-- Dataset extract --
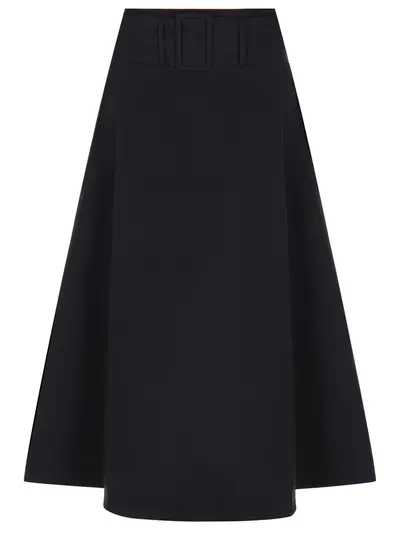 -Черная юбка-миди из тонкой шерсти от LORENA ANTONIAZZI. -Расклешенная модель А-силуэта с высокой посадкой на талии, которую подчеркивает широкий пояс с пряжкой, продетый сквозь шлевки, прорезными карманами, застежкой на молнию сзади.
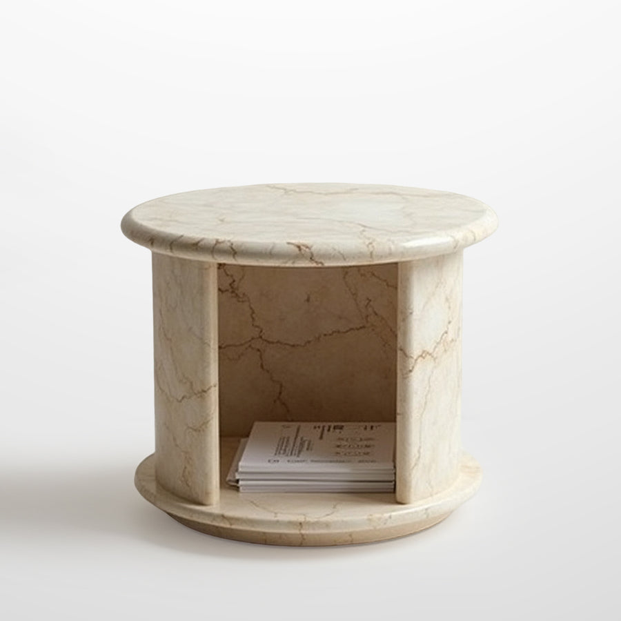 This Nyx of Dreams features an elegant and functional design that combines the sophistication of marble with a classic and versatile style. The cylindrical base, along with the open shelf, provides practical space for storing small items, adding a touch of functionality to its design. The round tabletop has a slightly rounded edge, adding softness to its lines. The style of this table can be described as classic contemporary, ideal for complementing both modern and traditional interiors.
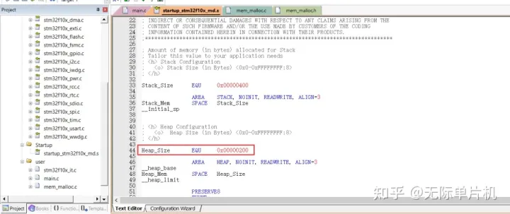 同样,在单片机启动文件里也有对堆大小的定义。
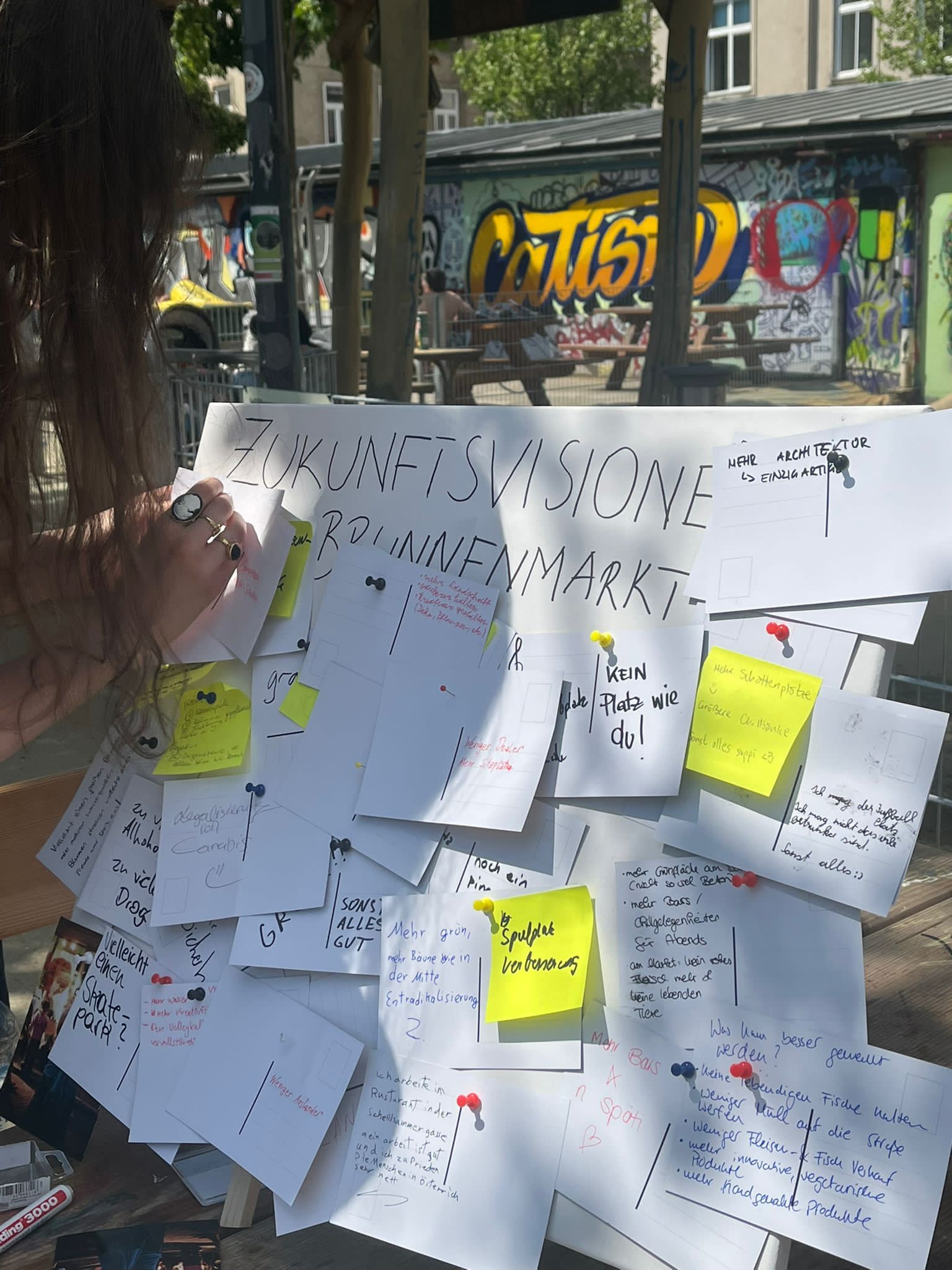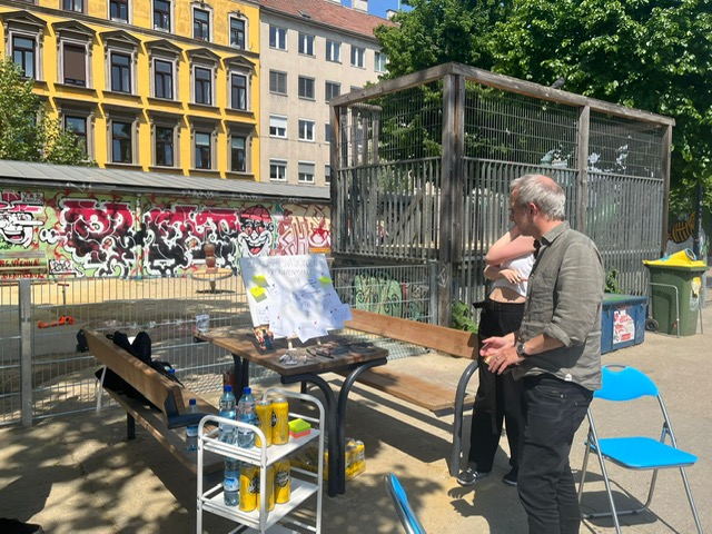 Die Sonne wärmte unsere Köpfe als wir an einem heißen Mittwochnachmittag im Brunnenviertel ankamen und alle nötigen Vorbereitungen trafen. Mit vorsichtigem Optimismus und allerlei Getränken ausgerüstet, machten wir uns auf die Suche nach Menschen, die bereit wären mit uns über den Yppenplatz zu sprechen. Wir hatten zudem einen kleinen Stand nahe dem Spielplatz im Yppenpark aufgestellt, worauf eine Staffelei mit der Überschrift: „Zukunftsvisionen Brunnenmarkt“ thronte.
...
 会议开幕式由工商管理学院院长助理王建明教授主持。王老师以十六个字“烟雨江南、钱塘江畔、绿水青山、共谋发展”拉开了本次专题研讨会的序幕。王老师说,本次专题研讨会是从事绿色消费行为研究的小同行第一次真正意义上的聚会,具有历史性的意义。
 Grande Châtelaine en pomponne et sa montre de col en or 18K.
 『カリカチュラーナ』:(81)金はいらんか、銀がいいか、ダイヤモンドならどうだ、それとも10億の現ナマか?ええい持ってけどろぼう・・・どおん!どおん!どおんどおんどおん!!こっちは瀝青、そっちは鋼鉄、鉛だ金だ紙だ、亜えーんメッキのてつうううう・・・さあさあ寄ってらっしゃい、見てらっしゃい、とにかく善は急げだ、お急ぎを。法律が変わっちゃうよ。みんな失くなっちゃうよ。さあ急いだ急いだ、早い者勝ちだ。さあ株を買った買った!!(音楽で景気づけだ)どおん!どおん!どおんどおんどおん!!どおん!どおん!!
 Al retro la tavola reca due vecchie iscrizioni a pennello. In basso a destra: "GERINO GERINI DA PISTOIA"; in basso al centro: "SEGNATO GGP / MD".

-- What to work on --
Everything above from the line containing "同样,在单片机启动文件里也有对堆大小的定义。" through the line containing "Die Sonne wärmte" must be repeated exactly, and the pictures must be left out.

-- Expected output --
 同样,在单片机启动文件里也有对堆大小的定义。
 Die Sonne wärmte unsere Köpfe als wir an einem heißen Mittwochnachmittag im Brunnenviertel ankamen und alle nötigen Vorbereitungen trafen. Mit vorsichtigem Optimismus und allerlei Getränken ausgerüstet, machten wir uns auf die Suche nach Menschen, die bereit wären mit uns über den Yppenplatz zu sprechen. Wir hatten zudem einen kleinen Stand nahe dem Spielplatz im Yppenpark aufgestellt, worauf eine Staffelei mit der Überschrift: „Zukunftsvisionen Brunnenmarkt“ thronte.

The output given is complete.